• **Task details**: Below are some records. Return exactly the lines from the one with "Сколько уже это" to the one with "длина: 76.2 мм, сталь: D2, рукоять: пластик/металл, черный", and nothing else.

• **Information shown**:
————
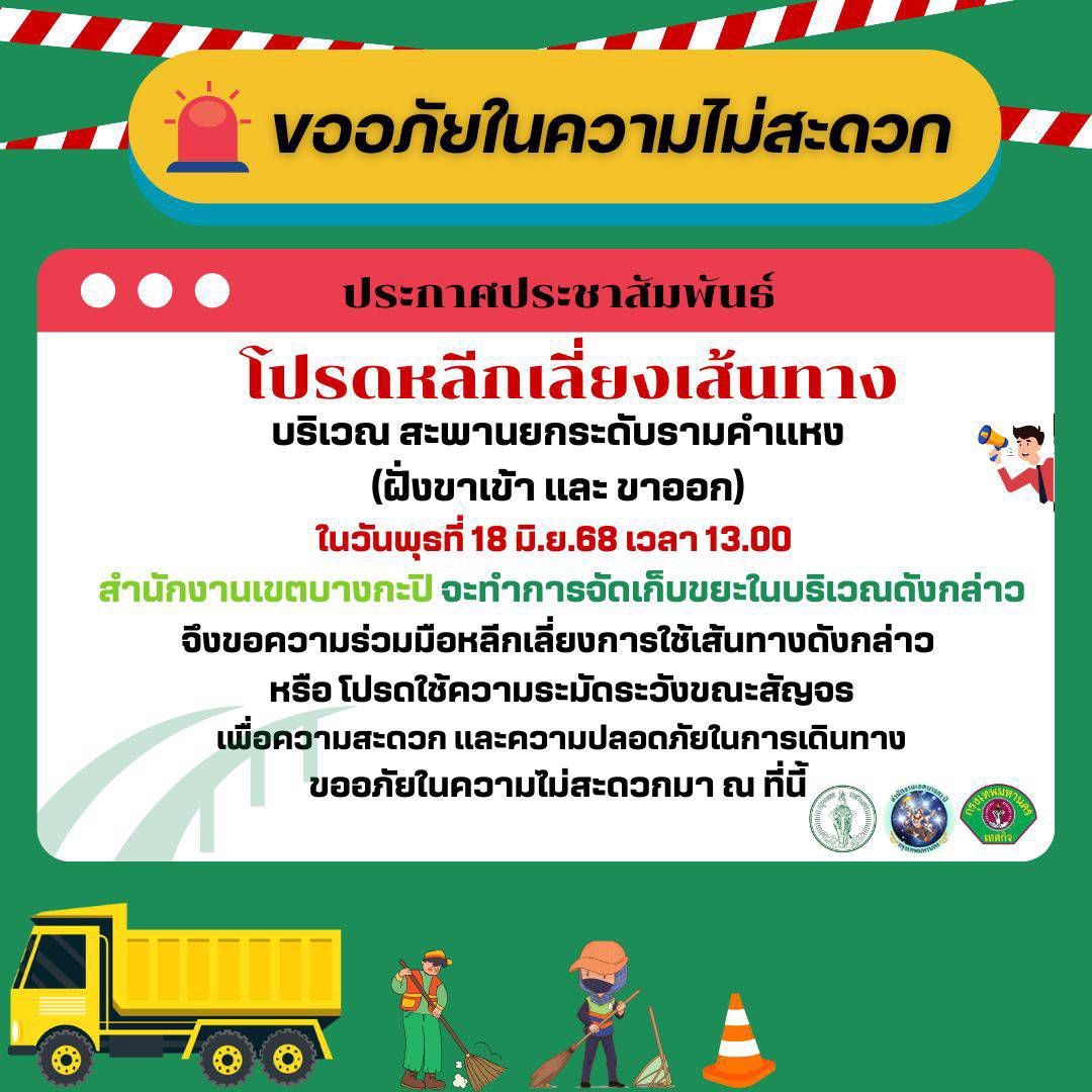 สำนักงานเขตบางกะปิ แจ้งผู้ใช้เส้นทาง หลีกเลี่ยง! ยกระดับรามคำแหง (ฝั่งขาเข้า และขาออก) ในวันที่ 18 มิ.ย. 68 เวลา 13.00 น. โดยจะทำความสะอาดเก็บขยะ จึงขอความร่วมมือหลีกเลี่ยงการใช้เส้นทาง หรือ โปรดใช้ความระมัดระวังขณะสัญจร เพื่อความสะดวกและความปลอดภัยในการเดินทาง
————
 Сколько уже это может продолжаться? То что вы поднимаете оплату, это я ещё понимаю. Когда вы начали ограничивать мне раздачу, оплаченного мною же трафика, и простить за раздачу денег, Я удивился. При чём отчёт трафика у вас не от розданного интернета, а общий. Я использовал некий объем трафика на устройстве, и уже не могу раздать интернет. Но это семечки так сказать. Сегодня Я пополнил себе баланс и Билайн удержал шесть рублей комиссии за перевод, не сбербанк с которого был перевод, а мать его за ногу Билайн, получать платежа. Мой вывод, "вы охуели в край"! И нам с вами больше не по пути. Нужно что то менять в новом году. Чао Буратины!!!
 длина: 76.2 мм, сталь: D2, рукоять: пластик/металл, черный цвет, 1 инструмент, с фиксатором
————
• **Expected output**:
 Сколько уже это может продолжаться? То что вы поднимаете оплату, это я ещё понимаю. Когда вы начали ограничивать мне раздачу, оплаченного мною же трафика, и простить за раздачу денег, Я удивился. При чём отчёт трафика у вас не от розданного интернета, а общий. Я использовал некий объем трафика на устройстве, и уже не могу раздать интернет. Но это семечки так сказать. Сегодня Я пополнил себе баланс и Билайн удержал шесть рублей комиссии за перевод, не сбербанк с которого был перевод, а мать его за ногу Билайн, получать платежа. Мой вывод, "вы охуели в край"! И нам с вами больше не по пути. Нужно что то менять в новом году. Чао Буратины!!!
 длина: 76.2 мм, сталь: D2, рукоять: пластик/металл, черный цвет, 1 инструмент, с фиксатором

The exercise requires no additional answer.